How Many Would-Be Trump Voters Have The Polls Missed?
UK manufacturing seems to be going nowhere fast, as data yesterday showed it well clear of the 50 marker, boosted by an increase in export demand. Price pressures are growing though, with 90% of surveyed firms saying that materials costs had increased, which is only to be expected.
Increased import costs has led to a slowing in the fall of shop prices, according to the British Retail Consortium. Last month's numbers saw a slowdown in the price falls and the BRC expect to see price rises filter through in the first quarter of 2017. The BBC cites the NIESR, who say that inflation could reach 4% by the end of next year, a whole percentage point higher than they'd predicted back in August, and four times higher than where we are now. Inflation isn't the only figure the NIESR have revised upwards. They say that economic growth will be 1.4%, up from their previous prediction of 1%. The revision comes as the UK economy is likely to finish this year on a stronger note than thought, which provides a firmer footing for Q1 2017.
Of course, all this good news means that Philip Hammond doesn't need to unleash the big guns at his autumn statement later this month. Mr. Hammond's approach will apparently be a flexible framework where he can react swiftly to the considerable uncertainty that lays ahead.
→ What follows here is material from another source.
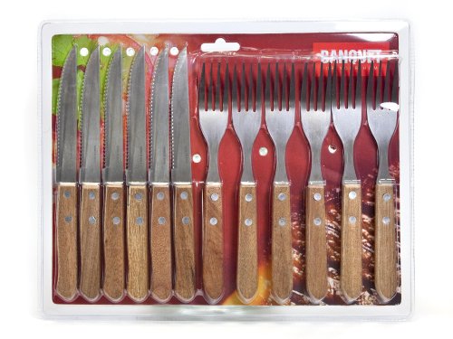Příbor steakový PARTY (6 + 6 ks) nerez, dřevěná rukojeť.

Already there's talk of infrastructure spending being reduced to the low billions (barely enough to resurface the M25) and without the need to pump in a lot more in other areas, we could see a continuation of the Osborne theme, to further pare back public spending, or at best, keep it the same.
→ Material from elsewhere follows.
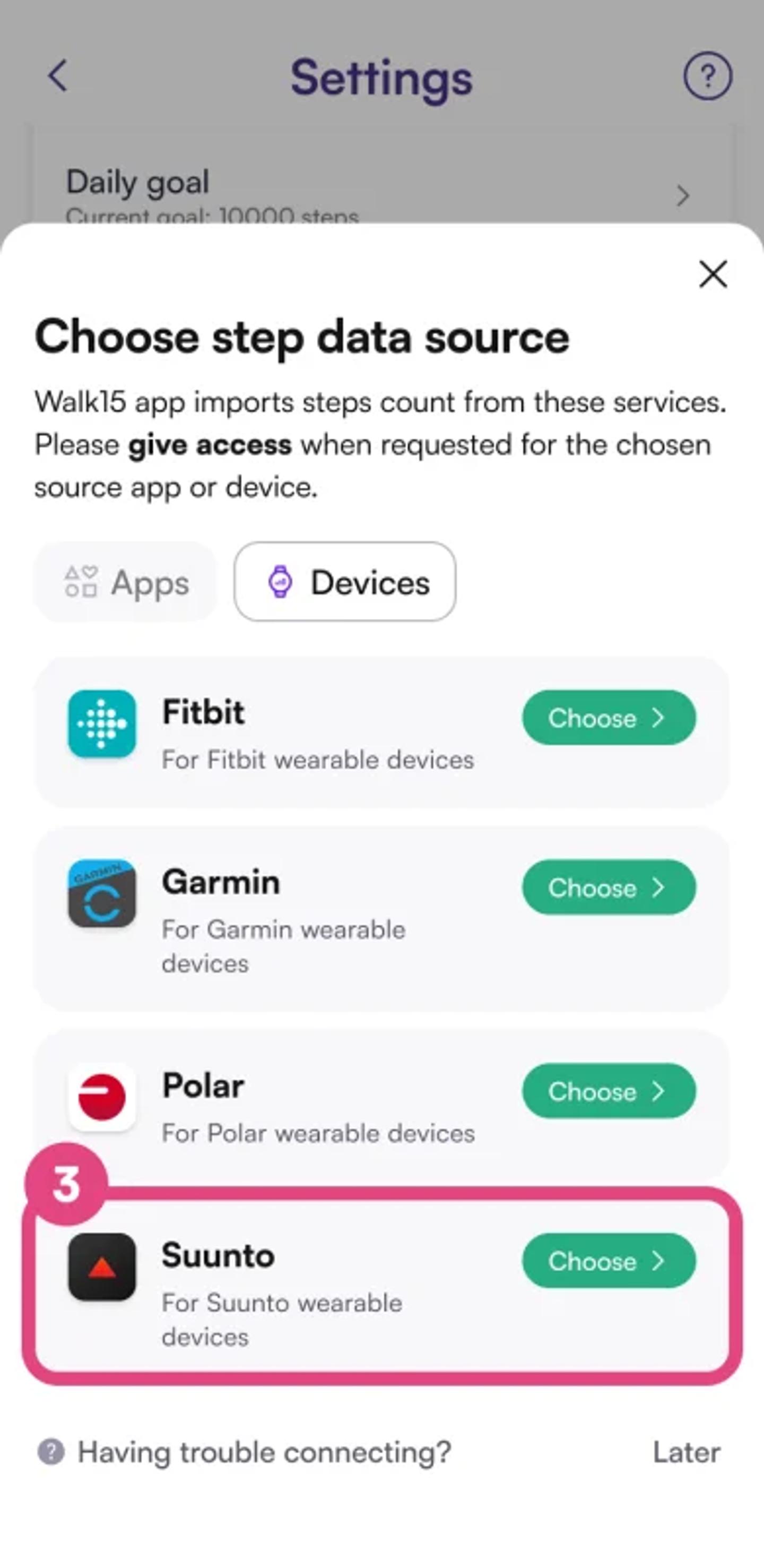 Within the 'Steps provider' settings, tap on 'Devices' and then select 'Suunto' from the list to start the sync process.

Understandably, most of the US news is election focused, with the main topics of conversation being; how many would-be Trump voters have the polls missed? and; what happens if it goes completely Hillary's way and she takes the White House and the Democrats take the House and the Senate? For the former, the concern is there are a lot of would-be protest voters that say one thing and do another, which is something you can't factor for and already the polls are averaging just a 2.5 point lead for Hillary.
The latter is an interesting point, because we don't think Hillary wants full autonomy and the ability to make sweeping change, she'd probably far rather have the 'the Republicans held me back' card to play over the course of her presidency instead of the ability to make bold reforms. If she gets full control though, there will be plenty of policies brought to her attention that we don't think she can ignore and that could lead to plenty of uncertainty for the markets -something they hate.
Overnight we've seen Asian markets carry over the risk-off theme and stock markets trade lower. There's a big disconnect at the moment though, with stock markets only down a couple of percent over the last week and the VIX volatility index up almost 40% – so something's going to have to give.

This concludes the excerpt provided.